If you apply community detection to this, it partitions London into a set of communities as below (in reading this, it’s worth noting that Group 3 might just be “everything else” – i.e. not a meaningful cluster). You can hopefully see Hyde Park in the west, the City of London in the east, and a couple of other clusters with a less obvious meaning.
I usually get asked two questions about the work we’ve done on bikeshares. The first is “What did you discover?”, and, being honest, I think the main drawback of the paper for me is that there’s no “shazam” moment. It’s raised a lot of questions for me, around whether we can get more insight by looking at the time-varying networks. The rush hour network will look very different from the weekend network, or by season – what you see above is an amalgamation of months of data from different times of day. Secondly, I would like to do more work on whether the communities we detect are robust (as in, how much do they change based on the time of year, day, etc and how much of that is a methodological issue vs how much these communities actually change). In terms of results, the things I learned about the spatial and temporal uses of the scheme in London seemed pretty intuitive to me. Commuter stations are popular, rush hour is busy, and Hyde Park is more popular at the weekend and lunchtime – most of the results simply support and quantify these things. For other cities, I wish I had more insight into their geographies, and while a group of friends and colleagues helped to give me a little insight, I still feel I lacked some of the qualitative context.
The second question I’m usually asked is whether this is useful for operational planning – moving bikes around, and suchlike. At the moment, I think the answer is no, because to fully account for user choice you need to deal with those situations where users can’t get a bike, or find a space, and that requires something a bit more like an agent-based model. Something where the consequence of a full or empty dock can propogate through the network in a causal and time-sensitive way.

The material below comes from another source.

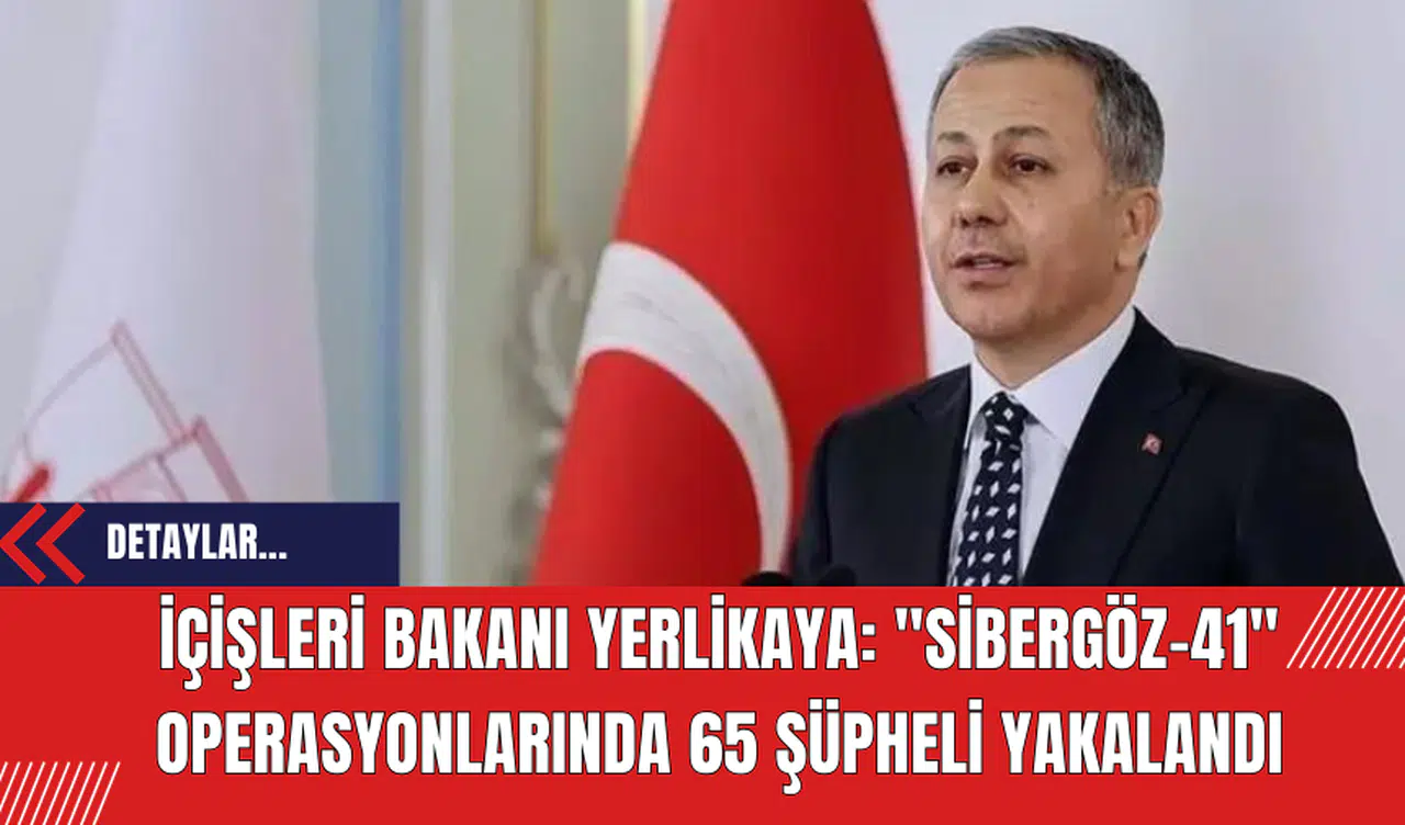 İçişleri Bakanı Ali Yerlikaya, jandarma tarafından 13 ilde gerçekleştirilen yasa dışı bahis ve nitelikli dolandırıcılık suçlarına yönelik "Sibergöz-41" operasyonlarında 65 şüphelinin yakalandığını açıkladı.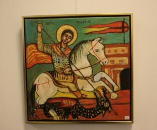 Udstillingens tema er "MØDET MELLEM HIMMEL OG JORD". Udstillingen omfatter akvareller, collager og mosaikker. Jette Holm, Århus, har været sognepræst og forskningsassistent ved Center for Grundtvigs studier og har i mere end 30 år malet som hobby.

If TFL or any other bikeshare schemes are interested in data visualisations or analyses, we’re very happy to work with external partners, and find ways to model and develop it further.
The full citation for the paper is:
And Ollie O’Brien and other co-authors will be at ECCS in Barcelona next week presenting a poster on this work – please do say hello. If you have any questions or comments, feel free to go below the line, or tweet me @sociablephysics.
†unless you work for News International or a cosy family business of another kind
*technically, it’s more complex than a simple inverse relationship and a semi-empirical function is used based on stand proximity for this paper. Other options include journey duration or routed distance, but those have their own drawbacks.You’ll have to read the paper.